Paragon Shepard here may consider Renegade Shepard to be a willing tool when he could be more, accepting enough of his situation but working his way around and beyond it.
Renegade Shepard here may consider Paragon Shepard as in denial to his reality as a tool and his potential to be more efficient as a unit.
Renegade just gets it that Cerberus is doing X and needs Y and both is what works for him for now so he works 'for' Cerberus. It gets his objectives done.
Paragon takes this cooperation as just a part of a larger agenda of countering the Reapers. It is acceptable enough.
In both cases, working with or for Cerberus was always considered by Shepard to be a temporary status. You can be more or less sympathetic to Cerberus, but never a 'sympathizer'. You can be more or less sympathetic to Cerberus, yet always hopeful they'll at least be useful against the Reapers.
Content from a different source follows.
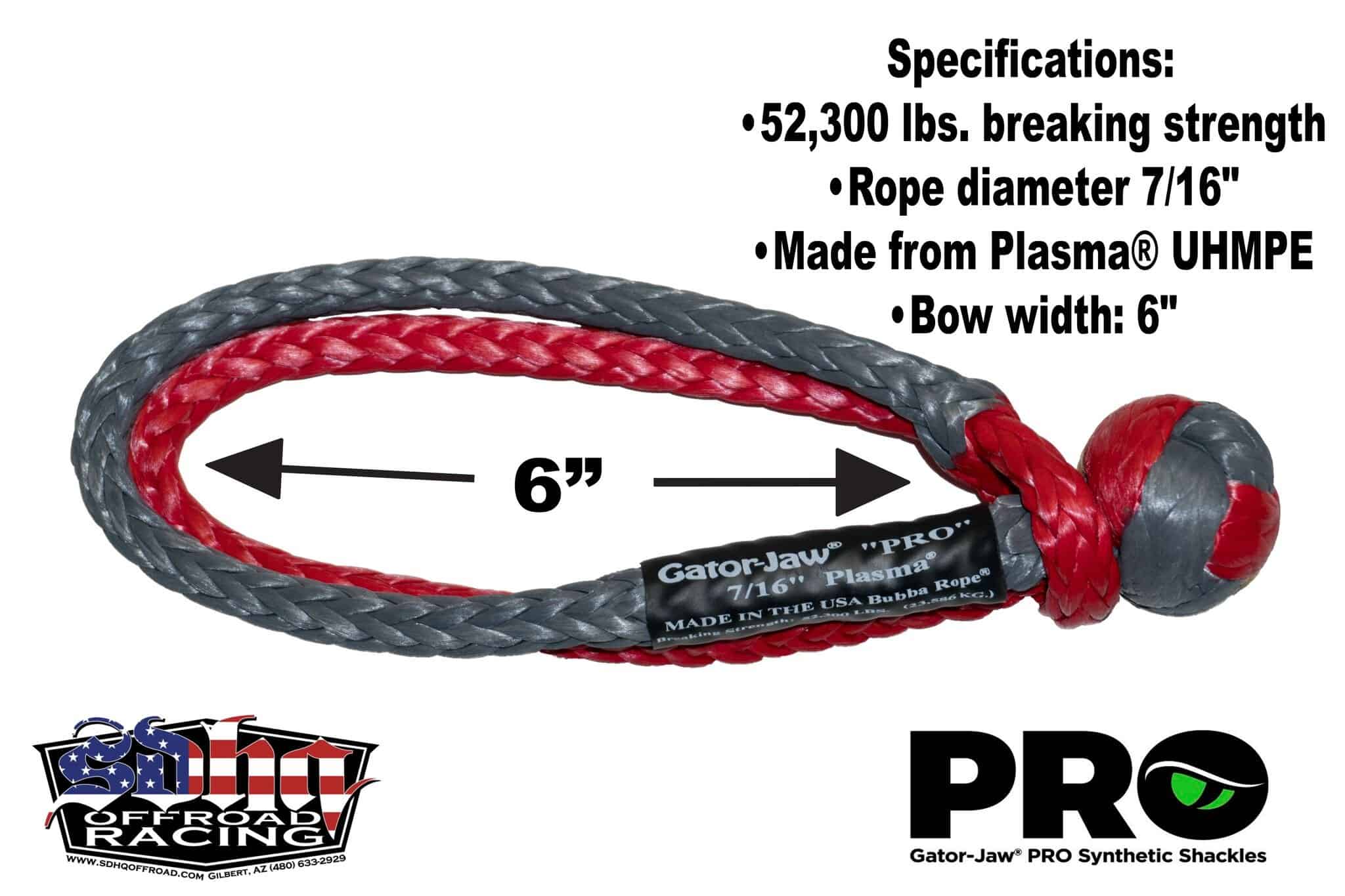 Todos los grilletes sintéticos Gator-Jaw se utilizan como alternativa a los pesados grilletes o ganchos de acero para conexiones más ligeras, seguras y fáciles. Los grilletes sintéticos Gator-Jaw se utilizan tanto recreativamente como comercialmente para remolcar, recuperar vehículos o equipos y diversos usos marinos. Los grilletes sintéticos Gator-Jaw derivan su resistencia básica de la utilización de cuerda de plasma, que es la cuerda sintética de mayor resistencia disponible. El nuevo grillete sintético de la serie Gator-Jaw PRO de 7/16 pesa solo 6.5 onzas pero tiene una resistencia a la rotura de 52,300 lbs. Debido a que todos los grilletes sintéticos Gator-Jaw no contienen acero, no se oxidarán y son tan ligeros que flotan. Estamos muy emocionados con esta nueva serie Gator-Jaw PRO, dijo Jim Grass, el nuevo gerente de productos de Bubba Rope.

In ME3 you then head back to a version of your 'old self' with the Alliance, and then either get angry at Cerberus being more useful to the Reapers than humanity (Renegade), or you are sad about them losing all potential to be useful but instead losing to the Reapers (Paragon).
Shepard is still Shepard, just different priority to things.
You could say Renegade Shepard is too trusting, but its also easy to say he just doesn't care. If Cerberus backstabs him, Renegade Shepard is more ready for the concept of being backstabbed and he has less concept of having allies so he'll just gun for Cerberus. Which Renegade Shepard is all for in ME3. It is more self-oriented, one way or another. The supposed 'falling in line' he does with Cerberus is still just his way of efficiently getting his personal objective done (though arguably he only has this objective due to outside factors, but Shepard would never think so).